Return each line of the listing exactly, though without its images.
MATERIAL PROVIDED START
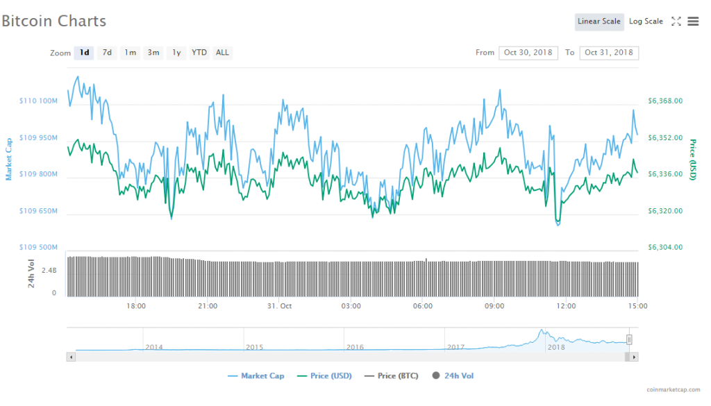 - Bitcoin’s market price fell 0.19% to $6,336.48, and its value in the market is $109.95 billion.
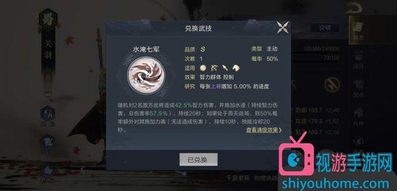 首先它是橙色S级技能,有于禁拆解获得,在获得上有一定难度,看技能效果,对两名敌方武将造成伤害,若处于缴械状态,则伤害提升30%,这和关羽的武技千里单骑完美的契合,可以说是最适合关羽学习的武技之一了。
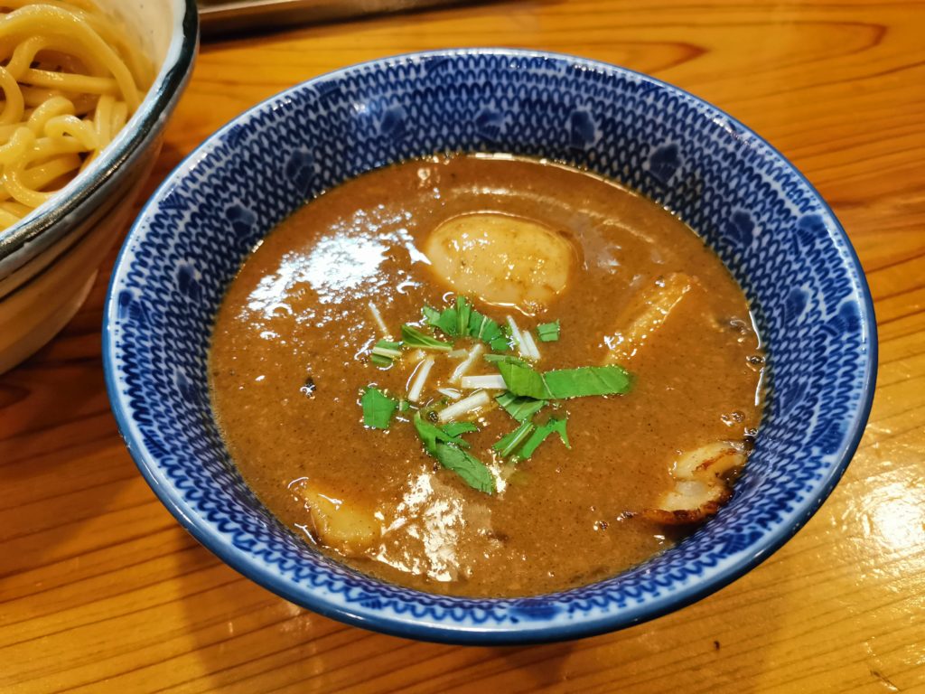 魚介系の濃厚スープのつけめんになります。まず、スープの濃厚さに注目です。魚介の旨味が凝縮されたスープは、とてもコクがあり、とろみがあるので麺によく絡みます。筆者はつけめんのスープはどろどろ派なのですが、なかなか出会えないと思った矢先、海心さんに出会ってしまったわけです。
MATERIAL PROVIDED END
#### OUTPUT OF THE TASK:
 - Bitcoin’s market price fell 0.19% to $6,336.48, and its value in the market is $109.95 billion.
 首先它是橙色S级技能,有于禁拆解获得,在获得上有一定难度,看技能效果,对两名敌方武将造成伤害,若处于缴械状态,则伤害提升30%,这和关羽的武技千里单骑完美的契合,可以说是最适合关羽学习的武技之一了。
 魚介系の濃厚スープのつけめんになります。まず、スープの濃厚さに注目です。魚介の旨味が凝縮されたスープは、とてもコクがあり、とろみがあるので麺によく絡みます。筆者はつけめんのスープはどろどろ派なのですが、なかなか出会えないと思った矢先、海心さんに出会ってしまったわけです。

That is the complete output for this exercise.